On Thursday 09 October 2008 12:40:51 am ruud.baltissen@apg.nl wrote:
> Hallo allemaal,
>  
>  
> I'm revising my assembler. And I'm not satisfied with the way I told my
> assembler how to treat a label as long in 65816 mode. Let me show you
> what I mean:
>  
> Example:
>  
> .ba $C000			; begin address
> LABEL		.by 0, 1, 2, 3, 4
> 		lda	$C000			[1]
> 		lda	$00C000		[2]
> 		lda	LABEL			[3]
> 
> As my assembler not only checks the value but also checks the textual
> lenght of a value, it is quite obviously that line [1] should be treated
> as normal and [2] as long (). But what about [3]?

Keep it simple - have the assembler track the widths of the labels being assigned/declared, and pick the smallest operand that will work within whatever instructions reference them.  I'm going to guess .ba automatically assumes bank 0 if it isn't clearly specified, so in this case, LABEL got a 16-bit address.   Thus, the LDA should resolve to a 16-bit operand to match it.

Had you done something like  .ba $00C000 with the leading $00, then the LDA should resolve to a 24-bit address.  Ditto for something like LABEL = $00C000.

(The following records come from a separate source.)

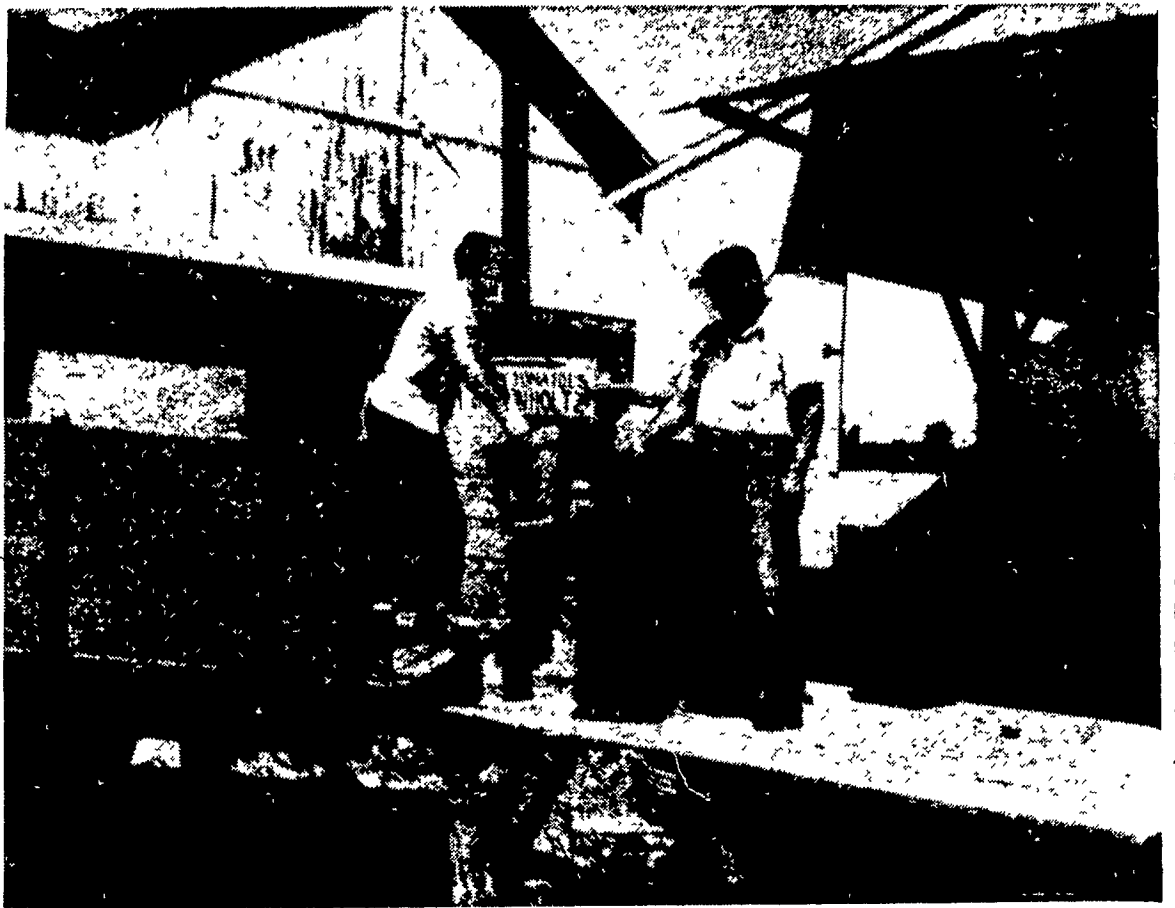
Tomatoes pour into receiving stations all over Southern Lancaster County. Here a truck is unloaded at the plant on the Park Eshelman farm near Rawlinsville.
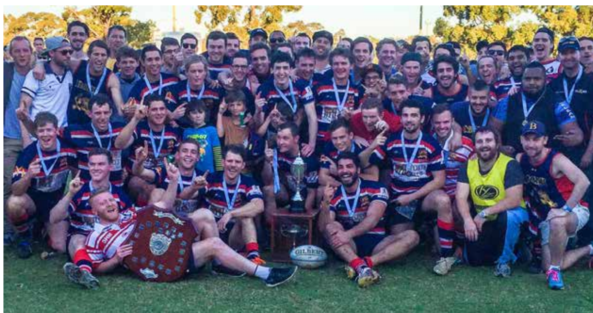
Another great year for Redfield Old Boys - Div Three Club Champions and Clark Cup Premiers.
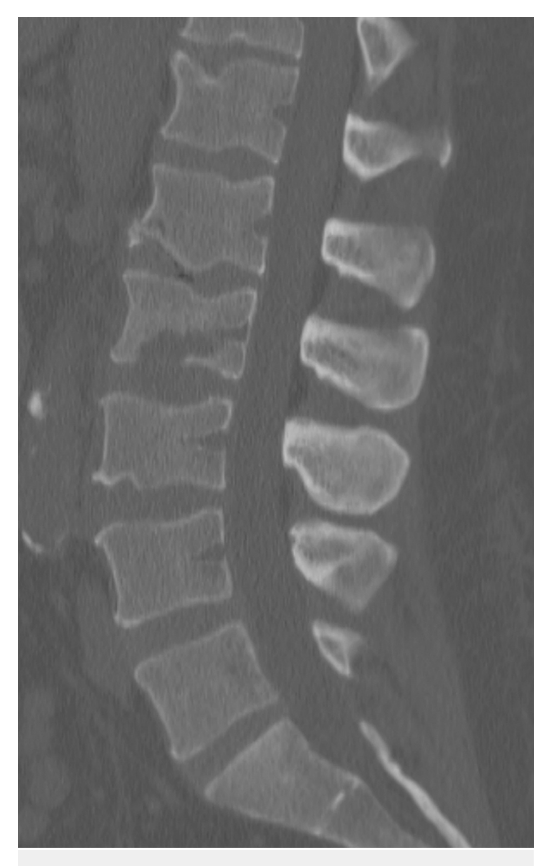
FIGURE 5: Follow-up CT demonstrating a significant progression of osseous destruction of the L2 vertebral body.
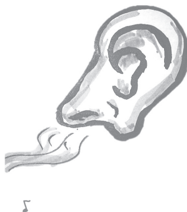
Figure 2. Caro Verbeek, illustration for Septimus Piesse's concept of “smound”, 2021.

A contraction of sound and smell. Septimus Piesse believed that sounds triggered the olfactory nerve and vice versa. According to more recent scientific insights, he was right. Piesse (1857), The Art of Perfumery . See Figure 2.
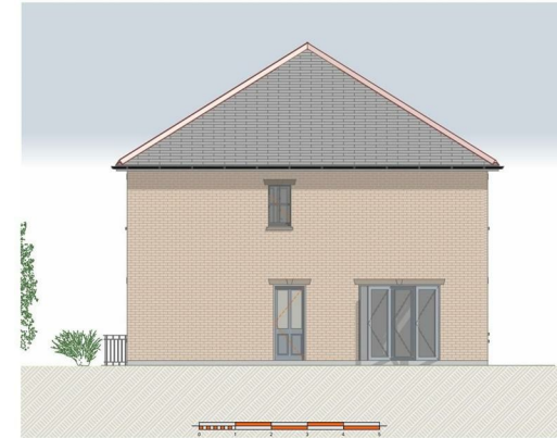
S Proposed Side Elevation 1:100
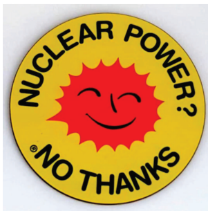
Nuclear power? No thanks Coaster £4
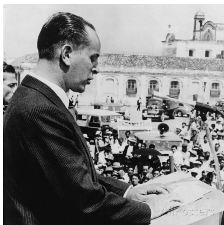
Jacobo Arbenz Resignation Speech
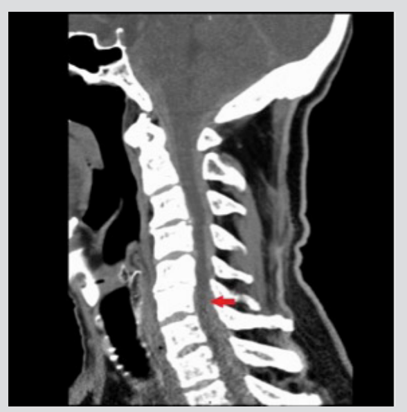
Figure 1. CT medullary scan showing a posterior medullar haematoma at the C5–T2 level (red arrow)
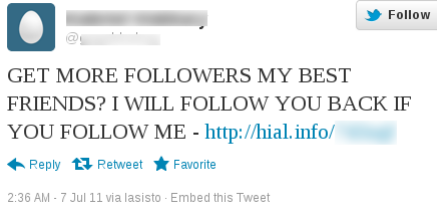
Figure 2: A tweet advertising a Twitter Account Market
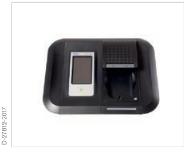
Dräger X-dock® module
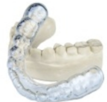
E.Gasket Nightguard pack / 12 pcs.
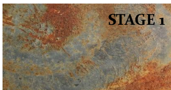
Stage 1 - Earliest signs of corrosion.

The stages of corrosion are stage 1 to stage 4

Now, if the coder decides he or she wants to fiddle with the Stack, Data Bank, Program Bank, or Direct Page registers, that idea is out the window.  You'll have to go with your idea of prefixing the operand to force 24-bit addressing where it is needed, and assuming 26-bit addressing otherwise.

-- 
"Life is full of positive and negative events.  Spend
your time considering the former, not the latter."